Les gens autour de moi commencent à succomber. Un par un disparaissant dans l'âge argenté de l'âge. «Je prends ma retraite», annoncent-ils avec des sourires satisfaits. «J'en ai fait assez, et j'en ai assez. Il est temps que j'aimais les fruits de mon travail.»
Ils parlent de retraite comme si c'était la fête d'une vie, un état de grâce qui a toujours été le but de la vie – un gain pour la mouture. Et maintenant, le voici, les vacances sans fin, des étés séquentiels dans lesquels languir, gardant les heures et les habitudes d'une duchesse ou du Labrador, de la répétition à volonté et des sandwichs des étrangers hors des tables de café tout en faisant la grande circonnigation dans la caravane.
Anson CameronCrédit: Eddie Jim
Vous entendrez des retraités dire: « Oh, il n'y a pas assez d'heures dans la journée. » Ce sont les snoozers des fauteuils qui tombent d'une sieste à l'autre jusqu'à ce qu'ils se réveillent pour découvrir qu'ils ont réussi à traverser tout ce soleil gênant, et c'est enfin le crépuscule, et il est temps de faire un bouchon de bouchon d'une bouteille.
Je n'ai jamais eu de carrière à ma retraite. Jamais rien de régulier ou d'important pour justifier le mot. Donc, l'idée ne m'affecte pas personnellement. Mais je me souviens que mon père a été pétrifié de la retraite. Il l'a vu comme un antichambre banal à la tombe, un lieu de toast froid et de mettre des yips, la fin de vous en tant que personne sérieuse. C'était un homme péripatétique et pour lui, le temps libre – sans but immédiat – était un tourment. Les retraités «en pot» jusqu'à ce que «le soleil soit au-dessus de la cour», puis a commencé à «plier le coude». La retraite était une boue de jours vierges et de tentation dans lesquels une personne pouvait à peine rester morale, et encore moins digne. Heureusement, il est mort en selle et n'a jamais eu à y faire face.
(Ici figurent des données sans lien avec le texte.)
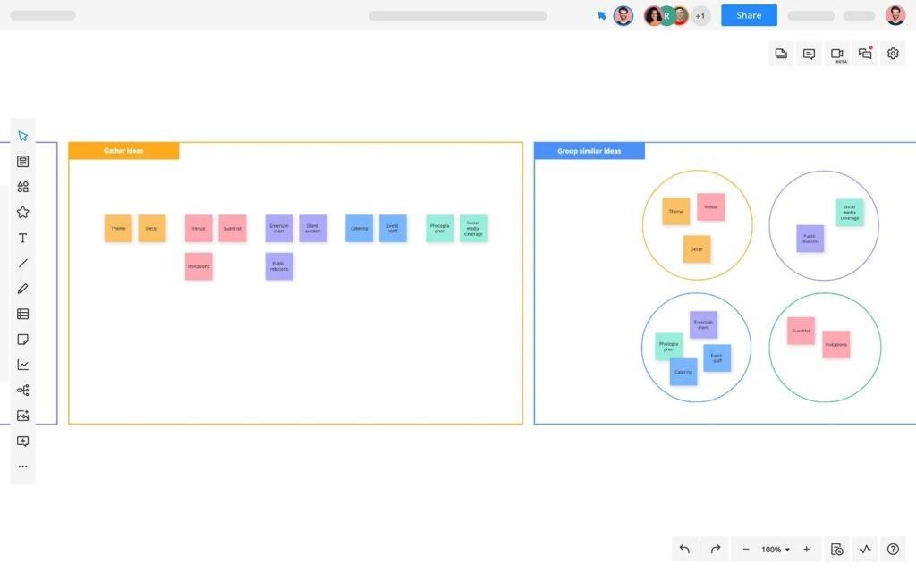 Top tip: If you’re running a virtual brainstorming session, use a cloud-based tool, like Google Docs or an online diagramming tool so everyone can log in and add ideas at the same time.

Et je n'ai jamais connu la compensation magique de la retraite, c'est que le quartier s'étend pour prendre les dimensions de l'univers, et les moments insignifiants deviennent capitaux. Un ami qui employait une fois 2500 personnes est, à la retraite, un chaperon heureux de huit chooks. Je l'ai entendu parler à ces oiseaux comme s'ils étaient des sous-mangers, des commis et parfois comme s'ils étaient ses filles. Eh bien, quelque chose doit combler le vide laissé par la pertinence, et s'il doit être des chooks, ils doivent être anthropomorphisés et adorés.
Ce sont les hauteurs faciles de l'auto-tromperie qui aident les retraités dans le gloring Dread. On peut entendre la lecture de leurs poinsettias comme s'ils étaient des étudiants en chimie. On peut voir des moineaux de clôture comme s'ils étaient des orchestres. Et les regarder faire du thé, c'est assister à un fil de lune réussi.
Les tâches qui étaient, au mieux, gênantes, doivent devenir cruciales et enrichissantes. Avez-vous vu le sourire sur le visage d'un retraité alors qu'elle récupère La période du samedi de la pelouse avant? Aussi large que Nelson lorsque la fumée s'est dégagée à Trafalgar.
À la retraite, les achats deviennent une campagne militaire, la réalisation d'un lit devient la construction d'un autre barrage Hoover. Ce n'est pas autant une illusion qu'un redimensionnement psychologiquement crucial du monde dans un endroit où l'élagage des roses de Clem mérite qu'Edward Gibbon en soit à en parler. C'est une défense naturelle contre le déclin. Glamouriser le quotidien. Consultez votre fenêtre comme Eden.
Mais poser les outils peut être risqué. La prudence la plus profonde contre la retraite dont j'ai été témoin a été lorsque Clive, un courtier en valeurs mobilières, appelé Last Trade, a éteint son écran, a enlevé son pardessus du rack et s'est entraîné à la maison du CBD, pour ne jamais revenir. À la retraite, ses normes ont été avalanchées comme un village suisse précaire dans la vallée de la dissipation. Sans discipline, sans structure, et en un an, il avait assiégé le garde-manger et se distend double. Un homme aux pattes de moindre, il a néanmoins dépassé 105 kilogrammes.